◆ **What you are asked to do**
Leaving out the pictures, write the following records exactly as they read.

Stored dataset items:
=== Section Start ===

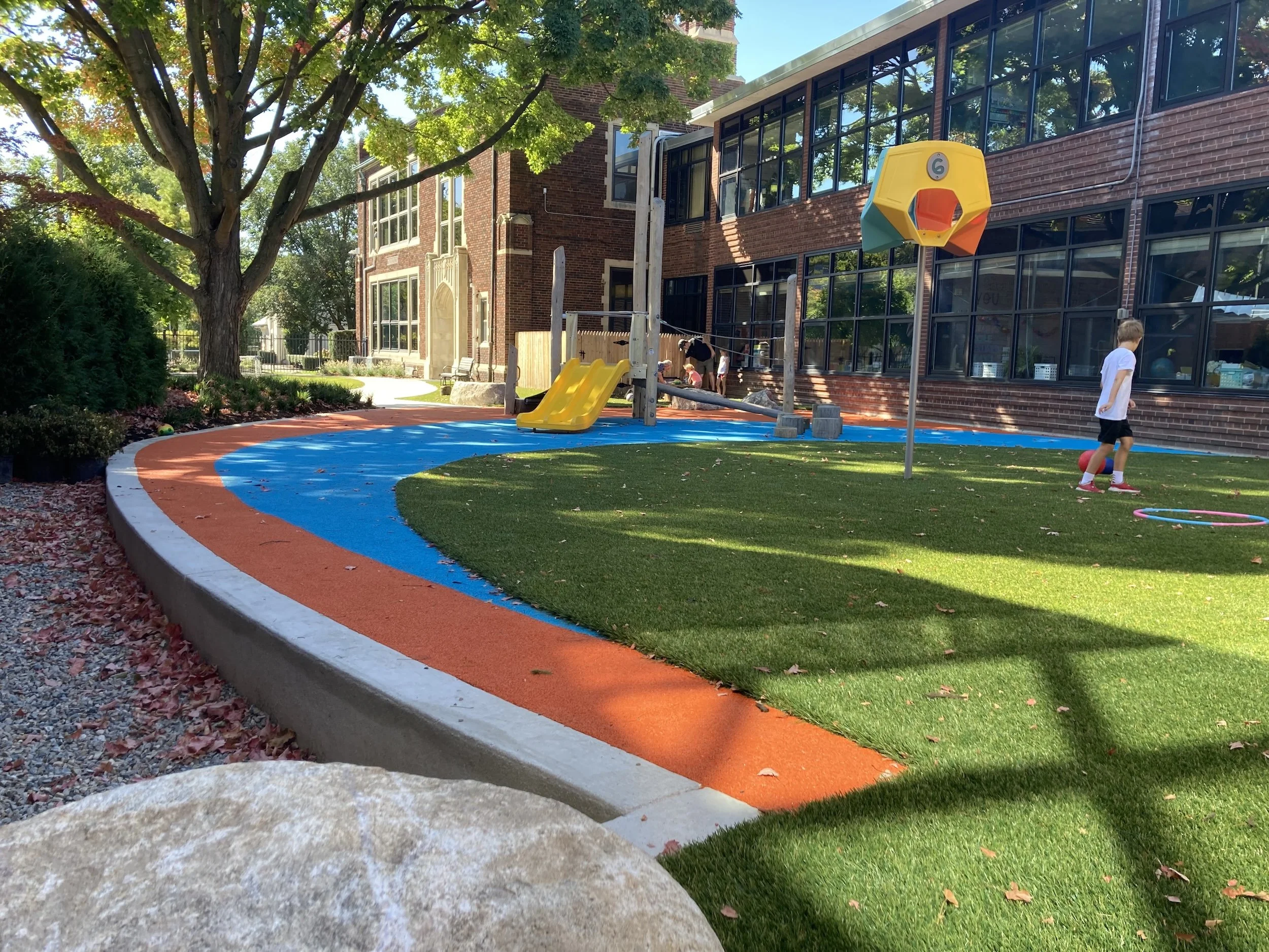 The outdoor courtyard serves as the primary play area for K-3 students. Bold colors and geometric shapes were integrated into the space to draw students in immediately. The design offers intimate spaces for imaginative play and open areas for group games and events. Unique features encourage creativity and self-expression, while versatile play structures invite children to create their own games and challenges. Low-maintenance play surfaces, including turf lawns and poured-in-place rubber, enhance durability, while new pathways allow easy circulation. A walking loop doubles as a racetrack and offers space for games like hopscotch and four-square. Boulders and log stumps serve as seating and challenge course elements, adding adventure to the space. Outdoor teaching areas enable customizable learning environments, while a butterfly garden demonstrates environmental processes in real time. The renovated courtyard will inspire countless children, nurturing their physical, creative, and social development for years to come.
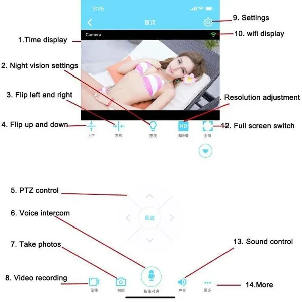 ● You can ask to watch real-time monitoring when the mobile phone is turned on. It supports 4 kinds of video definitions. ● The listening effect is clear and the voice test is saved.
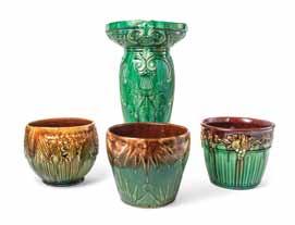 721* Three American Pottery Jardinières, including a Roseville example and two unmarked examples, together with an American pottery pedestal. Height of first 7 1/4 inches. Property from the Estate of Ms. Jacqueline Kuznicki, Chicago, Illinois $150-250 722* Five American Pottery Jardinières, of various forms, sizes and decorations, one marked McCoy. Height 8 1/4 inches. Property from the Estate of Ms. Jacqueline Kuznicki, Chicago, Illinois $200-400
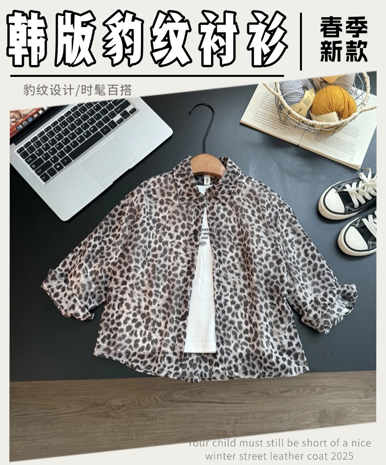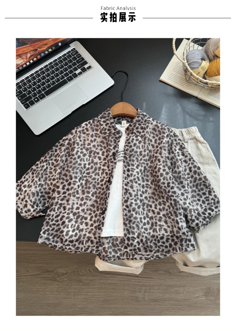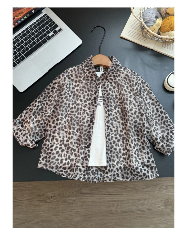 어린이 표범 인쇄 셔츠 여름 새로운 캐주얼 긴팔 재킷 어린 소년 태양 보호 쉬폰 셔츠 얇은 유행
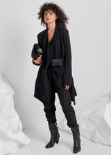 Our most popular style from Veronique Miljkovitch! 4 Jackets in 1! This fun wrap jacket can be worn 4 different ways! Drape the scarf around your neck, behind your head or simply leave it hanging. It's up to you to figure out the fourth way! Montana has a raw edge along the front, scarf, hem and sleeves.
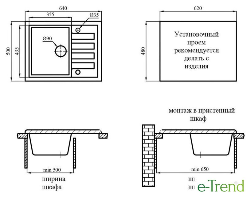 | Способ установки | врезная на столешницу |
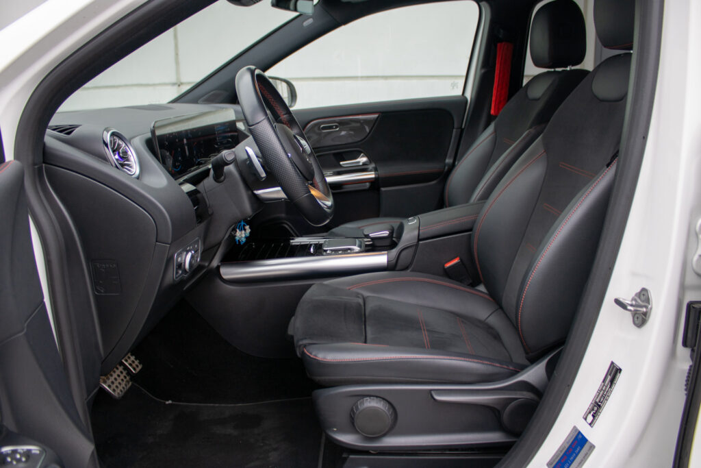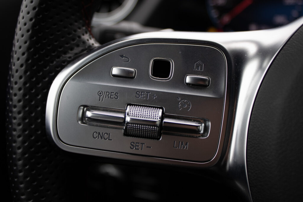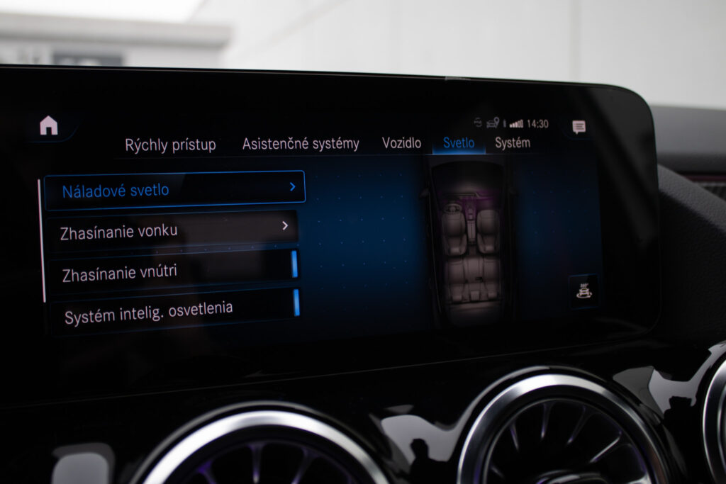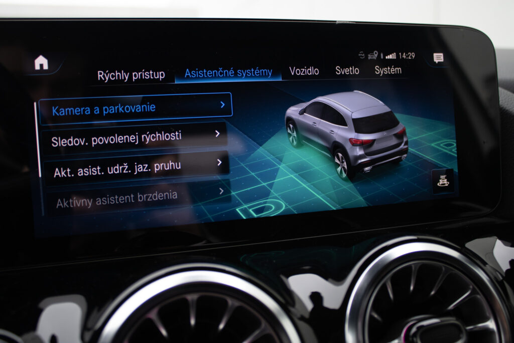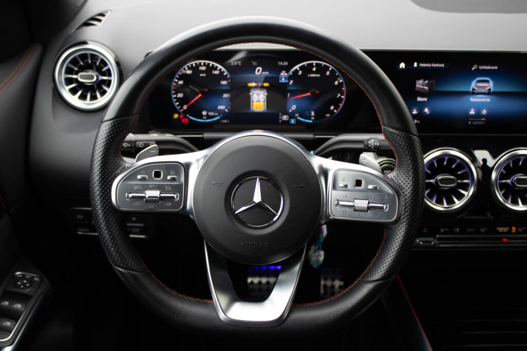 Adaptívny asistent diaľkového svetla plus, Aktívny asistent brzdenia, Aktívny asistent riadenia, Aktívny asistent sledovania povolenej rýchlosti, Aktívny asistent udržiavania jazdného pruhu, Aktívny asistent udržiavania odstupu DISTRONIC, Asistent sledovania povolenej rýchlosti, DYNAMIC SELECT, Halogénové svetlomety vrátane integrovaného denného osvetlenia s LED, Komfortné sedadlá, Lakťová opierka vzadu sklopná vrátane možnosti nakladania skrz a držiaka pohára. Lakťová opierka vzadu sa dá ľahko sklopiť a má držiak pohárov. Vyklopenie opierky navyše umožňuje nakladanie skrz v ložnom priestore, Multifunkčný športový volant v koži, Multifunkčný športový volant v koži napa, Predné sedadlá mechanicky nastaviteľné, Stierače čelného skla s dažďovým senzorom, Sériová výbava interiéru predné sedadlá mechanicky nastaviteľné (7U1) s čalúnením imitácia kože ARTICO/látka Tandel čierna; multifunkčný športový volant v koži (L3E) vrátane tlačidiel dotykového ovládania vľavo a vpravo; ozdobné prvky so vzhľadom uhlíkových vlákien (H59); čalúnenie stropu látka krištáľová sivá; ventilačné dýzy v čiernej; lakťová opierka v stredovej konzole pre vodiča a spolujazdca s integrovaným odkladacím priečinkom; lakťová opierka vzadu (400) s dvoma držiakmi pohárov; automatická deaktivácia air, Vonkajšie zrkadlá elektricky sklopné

=== Section End ===

◆ **Output below**
 The outdoor courtyard serves as the primary play area for K-3 students. Bold colors and geometric shapes were integrated into the space to draw students in immediately. The design offers intimate spaces for imaginative play and open areas for group games and events. Unique features encourage creativity and self-expression, while versatile play structures invite children to create their own games and challenges. Low-maintenance play surfaces, including turf lawns and poured-in-place rubber, enhance durability, while new pathways allow easy circulation. A walking loop doubles as a racetrack and offers space for games like hopscotch and four-square. Boulders and log stumps serve as seating and challenge course elements, adding adventure to the space. Outdoor teaching areas enable customizable learning environments, while a butterfly garden demonstrates environmental processes in real time. The renovated courtyard will inspire countless children, nurturing their physical, creative, and social development for years to come.
 ● You can ask to watch real-time monitoring when the mobile phone is turned on. It supports 4 kinds of video definitions. ● The listening effect is clear and the voice test is saved.
 721* Three American Pottery Jardinières, including a Roseville example and two unmarked examples, together with an American pottery pedestal. Height of first 7 1/4 inches. Property from the Estate of Ms. Jacqueline Kuznicki, Chicago, Illinois $150-250 722* Five American Pottery Jardinières, of various forms, sizes and decorations, one marked McCoy. Height 8 1/4 inches. Property from the Estate of Ms. Jacqueline Kuznicki, Chicago, Illinois $200-400
 어린이 표범 인쇄 셔츠 여름 새로운 캐주얼 긴팔 재킷 어린 소년 태양 보호 쉬폰 셔츠 얇은 유행
 Our most popular style from Veronique Miljkovitch! 4 Jackets in 1! This fun wrap jacket can be worn 4 different ways! Drape the scarf around your neck, behind your head or simply leave it hanging. It's up to you to figure out the fourth way! Montana has a raw edge along the front, scarf, hem and sleeves.
 | Способ установки | врезная на столешницу |
 Adaptívny asistent diaľkového svetla plus, Aktívny asistent brzdenia, Aktívny asistent riadenia, Aktívny asistent sledovania povolenej rýchlosti, Aktívny asistent udržiavania jazdného pruhu, Aktívny asistent udržiavania odstupu DISTRONIC, Asistent sledovania povolenej rýchlosti, DYNAMIC SELECT, Halogénové svetlomety vrátane integrovaného denného osvetlenia s LED, Komfortné sedadlá, Lakťová opierka vzadu sklopná vrátane možnosti nakladania skrz a držiaka pohára. Lakťová opierka vzadu sa dá ľahko sklopiť a má držiak pohárov. Vyklopenie opierky navyše umožňuje nakladanie skrz v ložnom priestore, Multifunkčný športový volant v koži, Multifunkčný športový volant v koži napa, Predné sedadlá mechanicky nastaviteľné, Stierače čelného skla s dažďovým senzorom, Sériová výbava interiéru predné sedadlá mechanicky nastaviteľné (7U1) s čalúnením imitácia kože ARTICO/látka Tandel čierna; multifunkčný športový volant v koži (L3E) vrátane tlačidiel dotykového ovládania vľavo a vpravo; ozdobné prvky so vzhľadom uhlíkových vlákien (H59); čalúnenie stropu látka krištáľová sivá; ventilačné dýzy v čiernej; lakťová opierka v stredovej konzole pre vodiča a spolujazdca s integrovaným odkladacím priečinkom; lakťová opierka vzadu (400) s dvoma držiakmi pohárov; automatická deaktivácia air, Vonkajšie zrkadlá elektricky sklopné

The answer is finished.